When contracting out ended in April 2016, public sector workers immediately paid an extra 1.4% NI per month.1 -
Yes, it's unfair. The change to the rules in 2016 was to your benefit and it's unfair of you to suggest that it harmed you in any way. It didn't, it's helping you.BINSKIN29 said:In 3 weeks I am due my first state pension two months before my 66th birthday. I have 37Yrs NI contributions 2 more than needed and I’ve been told I cannot get a full state pension because I retired on my teaching pension eight years ago and Lived off this no benefits ever since. I am now told they changed the law in 2016 and I must pay back 4 yrs contributions. No one told me and no one believes me. Friends a few months older than me are now about £50,000 better off than I am. Unfair?
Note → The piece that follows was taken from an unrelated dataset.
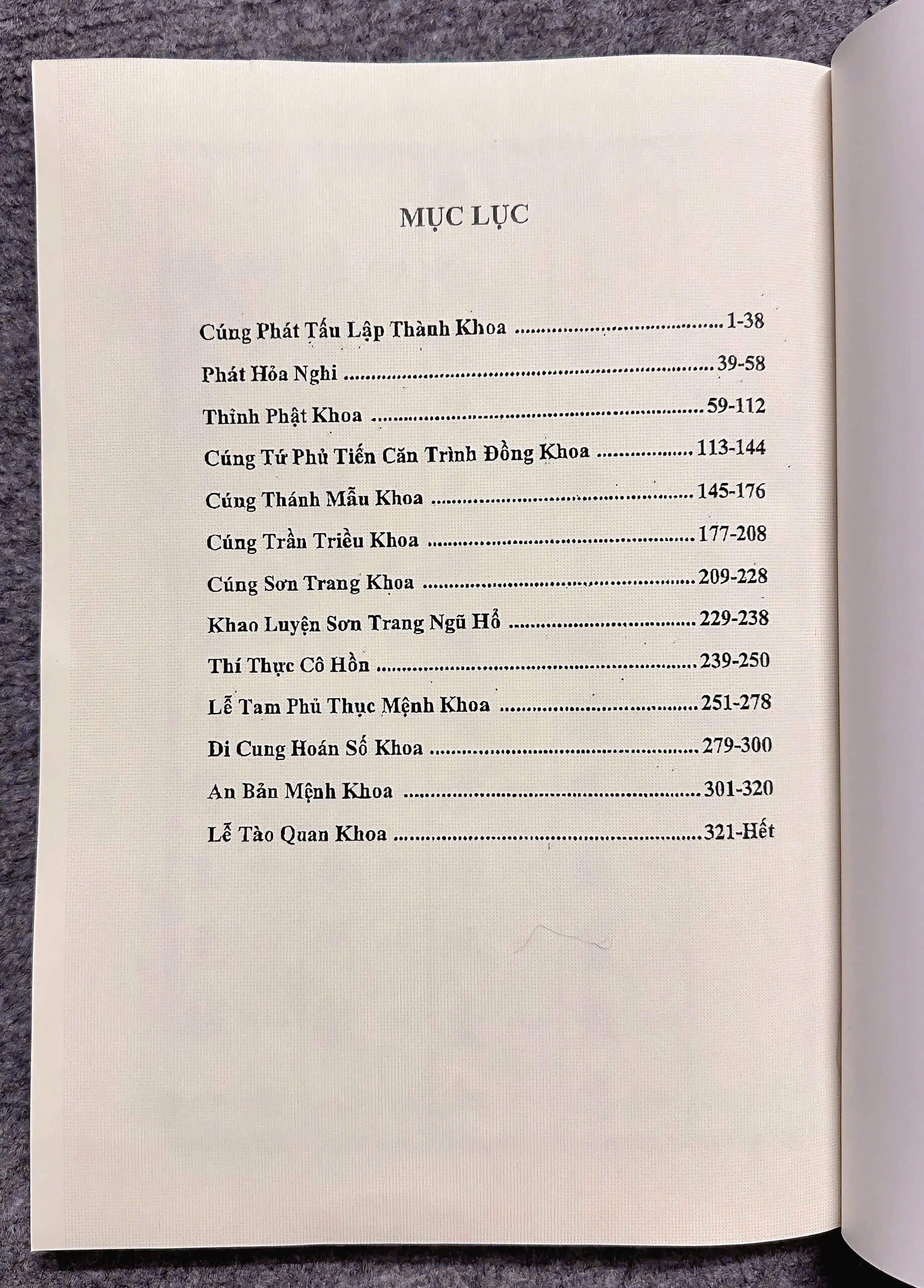 Cuốn sách bao gồm 13 khoa cúng Tứ Phủ thông dụng:

When you retired you had accrued at least these pension benefits:
1. Basic State Pension entitlement of 1/30th for each year worked (years before 2016), credited or purchased.. 1/30th of the current BSP of £134.25 a week is £4.475 a week. You fully meet the requirements for the full Basic State Pension system that you paid into with 37 years and hence are entitled to at least its full £134.25 a week.
2. In TPS you were contracted out of getting most of the earnings-related part of the state pension. This is instead paid out as part of your teaching pension. A person not in a defined benefit pension would be getting a similar amount as part of their Additional State Pension. Compare the two people but look only at the state pension part and you'd get a misleading picture.
3.A small amount of earnings-related Additional State Pension because contracting out wasn't 100%. A couple of Pounds a week.
Your statement tells you what you had accrued when you retired because in your circumstances the old rules (the ones when you paid in) will be used. You get whichever of the old or new rules calculations pays you the most. In your case the 2016 rule change didn't increase or decrease your state pension entitlement by even a penny and you'll get exactly what you signed up to and paid for (though that's ignoring the other ways it became more generous to you over the years, you actually get more than you'd be entitled to if the rules for each year you paid in were used).
Under the rules when you retired you could not increase your state pension by buying more years because there was no increase for having more than 30 years towards the basic state pension and you already had that. Closed case, nothing doable by you to get a higher state pension.
In 2016 a single tier state pension was introduced. This eliminated all future earnings-related state pension accruals and substituted 1/35th of the single tier pension per year from 2016 earned, credited or purchased. To partially compensate for this the single tier pension rate was set (today) at up to £175.20 a week and accrual at 1/35th of this per year, £5.006 a year.
And that's where you got lucky and have the opportunity now to buy cheap extra state pension that you haven't paid for and couldn't have bought under the rules when you retired.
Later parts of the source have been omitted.